Virtually every hiring manager will agree that lying or misleading is unethical but many will still lie to attract more applicants. This could be because they’re intentionally trying to deceive talent, but more likely, they just don’t realize they’re doing it.  Take a second and ask yourself, are you being completely honest throughout the hiring process?

Even the smallest lies can have negative impacts on your company and perhaps the most common risk is high turnover. In the same way that employers lose all trust in a candidate after they catch them in a lie, a new employee may lose all faith in a company once they realize they’ve been had.  Too many lies can have a negative effect on your company’s overall reputation.

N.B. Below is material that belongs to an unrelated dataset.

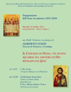 Martedì 14 ottobre 2025 alle ore 15.00 si terrà l’Inaugurazione dell’Anno Accademico 2025/2026 della Facoltà dell’Italia Settentrionale – Istituto Teologico Affiliato di Genova (ITA) e dell’Istituto Superiore di Scienze Religiose Ligure (ISSRL), presso la Sala Quadrivium in Genova.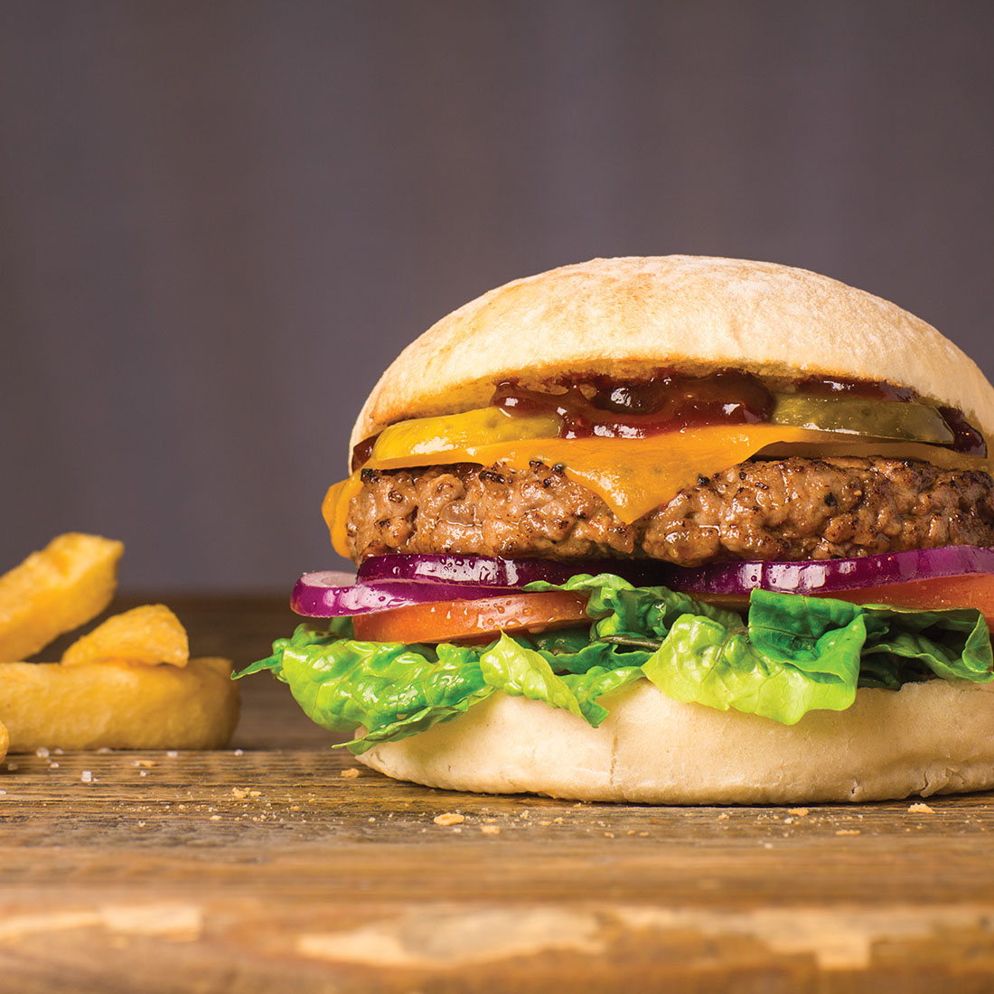 Geserveerd met frites en sla. Met Romeinse sla, USA cheddar cheese, tomaat, ui, augurk, mayo en BBQ-saus.

What are the common ways companies lie to job applicants, whether it’s by accident or on purpose?  We have identified five common areas:

  1. Culture

Many job postings brag about having the fun-loving culture where everybody’s a family.  They boast the cliché “work hard, play hard” mentality and say the environment’s “second-to-none” with plenty of work/life flexibility.  Sure, this may seem most attractive, but if it’s not true, you’re going to hire people who don’t fit and possibly turn away those who would be perfect.  If you have any mention of culture in your job postings (and we recommend you do), make sure that you properly qualify it. Take a look at this post from January and see if you can properly identify your culture.

  1. Compensation

Another common bait and switch employers pull is around compensation.  If you’re being dishonest about the base rate or salary, you’re probably doing that consciously; numbers are pretty straight forward. You may not realize that you’re lying when discussing the extras. For example, is that bonus potential really achievable or will it take forever to get?  Is your “excellent benefits and vacation package” really that “excellent?” When you say that the salary is negotiable based on skills, are you actually willing to negotiate?

  1. The Job Description

This one may take your new employee longer to realize, but they’re going to figure it out eventually. Review the job you’re promoting in detail and confirm that it is accurate to everything the person will be doing. Have tasks been added to make the job look more interesting, but not really reflective of the actual job? Are there tasks missing that you’re afraid will drive away applicants?  Will you actually be providing all that training and guidance? Are you making promises about advancement that you’ll never see through?

  1. Rejection Lines

Your new employees will never suffer these lies, but the many candidates you turn away will hear them.  If you use the lines “We’ll keep you in mind for future positions” or “We’ll call you as soon as we’ve made a decision”, make sure you follow through.  Professionals will recognize these lies and, especially with social media being a reality of today’s business world, your reputation as an employer may be hindered when you throw these fake promises around.

  1. References

This final lie is one that job seekers have come to accept as reality and, of everything on this list, may have the least impact on your reputation. It’s very common, and good business practice, for employers to go beyond contacting just the references supplied. Especially when the industry is small enough, hiring managers will go to their own network and seek unsolicited references. Sometimes the references handed over by the job seeker don’t even get called. However when you perform your reference checks, we recommend the same thing we recommend for everything else above — try to be as transparent as possible with your applicants and build trust from the beginning.